Curated by the Kenya Film and Television Professional Association (KFTPA) in conjunction with the Kenya Film Classification Board (KFCB), the inaugural State of The Film Industry Summit took place on the September 29, 2023 at the Nairobi Film Centre (formerly the Nairobi Cinema).
Industry stakeholders and practitioners as well as government dignitaries came together to look back and plan ahead, evaluate the status of the film industry and craft a path to its betterment.
From Commercial to Long Format Production, significant industry stakeholders such as Netflix and Multichoice gave presentations on major accomplishments and their contribution to the growth of the film industry.
With projects such as ‘Country Queen’ and ‘Disconnect 2’ dominating viewership charts upon release, Netflix has been on the frontline in championing for international viewership of local content. Global audience potential has been proven, for instance, with ‘Disconnect 2’ resting at the Top Ten in global viewership across 16 countries upon release, which gives more impetus to invest in local content by partnering with producers, building skills and brand elevation.

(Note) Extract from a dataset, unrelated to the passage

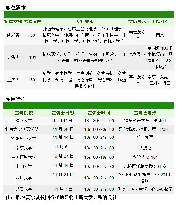 先声药业集团2010届校园招聘会将于10月正式启动,届时分别在全国各大中心及二级重点城市举行招聘会,在北京、杭州、成都、沈阳、南京、广州等城市的重点院校举行宣讲会,工作地点精确到地级市,务求精准招聘,敬请亲爱的同学们予以关注!

On the other hand, MultiChoice Talent Factory rolls out over 75 graduates every year, making it a melting pot of talent crucial to nurturing crew-based skills among young industry practitioners, a welcome investment that was highlighted by Timothy Okwaro, Executive Head of Programming at MultiChoice.
Continuing productions create long-term employment opportunities in the industry, which is a welcome development but one that also invites the conversation about necessary policies for the well-being of the workforce, something Njoki Muhoho, Vice Chairperson of KFTPA and renowned Executive Producer, knows a tonne about and was vocal of in her presentation.
Human resource issues, more particularly the mental health of industry stakeholders in the intense stressful filmmaking environment, is a necessary cog to quality production and in turn a larger audience. Speaking of larger audiences, there was the glaring concern around local channels that continue to flood audiences with cheap foreign soap operas at the expense of local content.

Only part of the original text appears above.